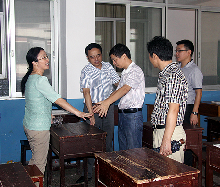 9月23日,湖南省考试院副院长邓建国率督察处处长程志群、自考处处长邱业吉、自考处副处长刘珍一行来到娄底,在娄底市教育局副局长高静、娄底市教育考试院院长罗志银等陪同下,对我院教育考试标准化考点建设项目进行实地验收。我院副院长周意坚和相关部门负责人参加汇报会并陪同考察。会议由周意坚主持。
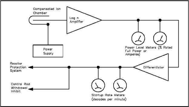INSTRUMENTATION Three ranges are used to monitor the power level of a reactor throughout the full range of reactor operation. The intermediate range makes use of a compensated ion chamber. EO 3.4Given a block diagram of a typical intermediate range instrument, STATE the purpose of major components. a. Log n amplifier b. Differentiator c. Reactor protection interface Intermediate-range nuclear instrumentation consists of a minimum of two redundant channels. Each of these channels is made up of a boron-lined or boron gas-filled compensated ion chamber and associated signal measuring equipment of which the output is a steady current produced by the neutron flux. The compensated ion chamber is utilized in the intermediate range because the current output is proportional to the relatively stable neutron flux, and it compensates for signals from gamma flux. This range of indication also provides a measure of the rate of change of neutron level. This rate of change is displayed on meters in terms of startup rate in decades per minute (-1 to +10 decades per minute). High startup rate on either channel may initiate a protective action. This protective action may be in the form of a control rod withdrawal inhibit and alarm, or a high startup rate reactor trip. Figure 36 shows a typical intermediate-range channel.
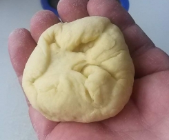 Nun den Teig aus der Schüssel holen mit Mehl bestäuben und ein wenig kneten .
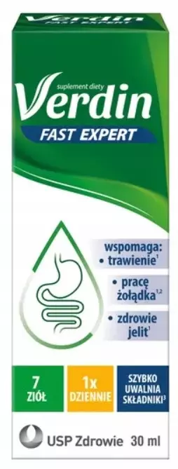 Krople Verdin Fast Expert to suplement diety, zawierający 7 ziół.
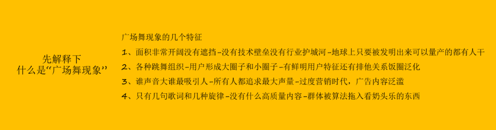下面我解释一下什么是营销“广场舞现象”,广场舞现象其实是对黑暗丛林法则的比较世俗化的解释,广场舞面积非常开阔,就像现在整个互联网商业世界是完全开放状态,没有人有护城河,没有人有壁垒。
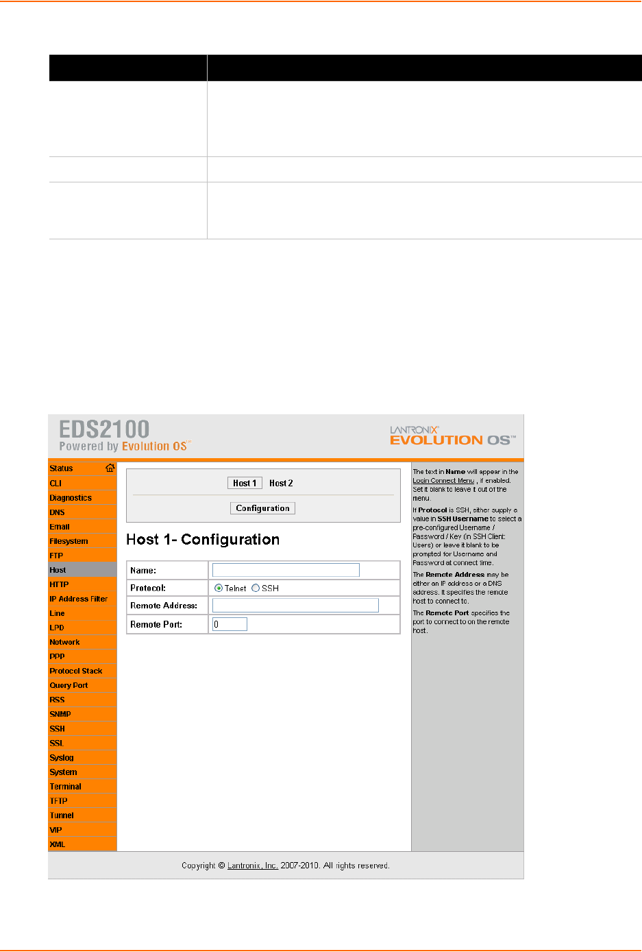 You can configure a remote host by using the Host web page. To configure a remote host, perform

*EXERCISE REQUIREMENTS*: If any image appears in the entries, omit it and return the rest verbatim.

*TASK RESPONSE*:
 9月23日,湖南省考试院副院长邓建国率督察处处长程志群、自考处处长邱业吉、自考处副处长刘珍一行来到娄底,在娄底市教育局副局长高静、娄底市教育考试院院长罗志银等陪同下,对我院教育考试标准化考点建设项目进行实地验收。我院副院长周意坚和相关部门负责人参加汇报会并陪同考察。会议由周意坚主持。
INSTRUMENTATION Three ranges are used to monitor the power level of a reactor throughout the full range of reactor operation. The intermediate range makes use of a compensated ion chamber. EO 3.4Given a block diagram of a typical intermediate range instrument, STATE the purpose of major components. a. Log n amplifier b. Differentiator c. Reactor protection interface Intermediate-range nuclear instrumentation consists of a minimum of two redundant channels. Each of these channels is made up of a boron-lined or boron gas-filled compensated ion chamber and associated signal measuring equipment of which the output is a steady current produced by the neutron flux. The compensated ion chamber is utilized in the intermediate range because the current output is proportional to the relatively stable neutron flux, and it compensates for signals from gamma flux. This range of indication also provides a measure of the rate of change of neutron level. This rate of change is displayed on meters in terms of startup rate in decades per minute (-1 to +10 decades per minute). High startup rate on either channel may initiate a protective action. This protective action may be in the form of a control rod withdrawal inhibit and alarm, or a high startup rate reactor trip. Figure 36 shows a typical intermediate-range channel.
 Nun den Teig aus der Schüssel holen mit Mehl bestäuben und ein wenig kneten .
 Krople Verdin Fast Expert to suplement diety, zawierający 7 ziół.
下面我解释一下什么是营销“广场舞现象”,广场舞现象其实是对黑暗丛林法则的比较世俗化的解释,广场舞面积非常开阔,就像现在整个互联网商业世界是完全开放状态,没有人有护城河,没有人有壁垒。
 You can configure a remote host by using the Host web page. To configure a remote host, perform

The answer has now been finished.